The connector throws an exception with the following messages
Caused by: com.mongodb.MongoCommandException: Command failed with error 10334 (BSONObjectTooLarge): 'PlanExecutor error during aggregation :: caused by :: BSONObj size: 21648261 (0x14A5385) is invalid. Size must be between 0 and 16793600(16MB) First element: _id: { _data: "8265807427000000992B022C0100296E5A1004C640ECE10E3449F68DEB7B0962474E6246645F69640064655CB1169B71D38AFF5D6C650004" }' on server mongo-rds-node-1.c.prod-persistence-real.internal:27017. The full response is {"ok": 0.0, "errmsg": "PlanExecutor error during aggregation :: caused by :: BSONObj size: 21648261 (0x14A5385) is invalid. Size must be between 0 and 16793600(16MB) First element: _id: { _data: \"8265807427000000992B022C0100296E5A1004C640ECE10E3449F68DEB7B0962474E6246645F69640064655CB1169B71D38AFF5D6C650004\" }", "code": 10334, "codeName": "BSONObjectTooLarge", "$clusterTime": {"clusterTime": {"$timestamp": {"t": 1702924868, "i": 276}}, "signature": {"hash": {"$binary": {"base64": "KmlhjKxAaFXl8eeYHohBcTx+qMw=", "subType": "00"}}, "keyId": 7257082665252159808}}, "operationTime": {"$timestamp": {"t": 1702924868, "i": 275}}} com.mongodb.MongoCommandException: Command failed with error 10334 (BSONObjectTooLarge): 'PlanExecutor error during aggregation :: caused by :: BSONObj size: 21648261 (0x14A5385) is invalid. Size must be between 0 and 16793600(16MB) First element: _id: { _data: "8265807427000000992B022C0100296E5A1004C640ECE10E3449F68DEB7B0962474E6246645F69640064655CB1169B71D38AFF5D6C650004" }' on server <redacted>. The full response is {"ok": 0.0, "errmsg": "PlanExecutor error during aggregation :: caused by :: BSONObj size: 21648261 (0x14A5385) is invalid. Size must be between 0 and 16793600(16MB) First element: _id: { _data: \"8265807427000000992B022C0100296E5A1004C640ECE10E3449F68DEB7B0962474E6246645F69640064655CB1169B71D38AFF5D6C650004\" }", "code": 10334, "codeName": "BSONObjectTooLarge", "$clusterTime": {"clusterTime": {"$timestamp": {"t": 1702924868, "i": 276}}, "signature": {"hash": {"$binary": {"base64": "KmlhjKxAaFXl8eeYHohBcTx+qMw=", "subType": "00"}}, "keyId": 7257082665252159808}}, "operationTime": {"$timestamp": {"t": 1702924868, "i": 275}}}
Do you see the same behaviour using the latest relesead Debezium version?

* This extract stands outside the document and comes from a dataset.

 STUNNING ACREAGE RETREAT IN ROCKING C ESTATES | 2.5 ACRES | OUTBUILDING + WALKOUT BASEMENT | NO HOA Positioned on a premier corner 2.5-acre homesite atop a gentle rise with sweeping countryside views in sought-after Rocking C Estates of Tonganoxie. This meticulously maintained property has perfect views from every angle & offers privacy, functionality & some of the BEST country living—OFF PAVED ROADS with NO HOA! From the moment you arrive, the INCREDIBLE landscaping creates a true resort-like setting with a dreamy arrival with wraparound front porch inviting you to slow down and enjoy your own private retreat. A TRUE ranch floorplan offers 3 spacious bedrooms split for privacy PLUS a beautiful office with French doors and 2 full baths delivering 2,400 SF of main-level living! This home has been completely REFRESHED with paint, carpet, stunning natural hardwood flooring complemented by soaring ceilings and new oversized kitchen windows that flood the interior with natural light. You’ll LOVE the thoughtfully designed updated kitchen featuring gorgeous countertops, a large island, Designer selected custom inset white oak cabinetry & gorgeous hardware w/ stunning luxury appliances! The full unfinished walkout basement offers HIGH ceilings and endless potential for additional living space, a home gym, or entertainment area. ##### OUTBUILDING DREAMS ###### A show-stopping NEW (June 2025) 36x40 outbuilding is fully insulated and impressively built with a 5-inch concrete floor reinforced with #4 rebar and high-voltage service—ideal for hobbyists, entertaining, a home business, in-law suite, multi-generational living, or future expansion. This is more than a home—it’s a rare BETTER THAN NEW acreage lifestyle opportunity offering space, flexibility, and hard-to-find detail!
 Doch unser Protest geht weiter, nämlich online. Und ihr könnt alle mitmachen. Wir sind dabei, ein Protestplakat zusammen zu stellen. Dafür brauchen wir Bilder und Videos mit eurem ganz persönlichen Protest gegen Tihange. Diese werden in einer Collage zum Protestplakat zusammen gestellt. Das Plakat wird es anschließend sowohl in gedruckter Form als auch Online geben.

(Ideally, also verify with latest Alpha/Beta/CR version)
Yes.
Do you have the connector logs, ideally from start till finish?
As this is a production service, we cannot trigger the issue at will. The oversized messages appear intermittently. The current course of action is to clear the worker topics, thereby forcing the connector to start from the current position and skip the offending message. We have the logs from the previous incidents, but they are on the INFO level, not DEBUG/TRACE.
How to reproduce the issue using our tutorial deployment?
We think that the connector setup itself contains no special elements.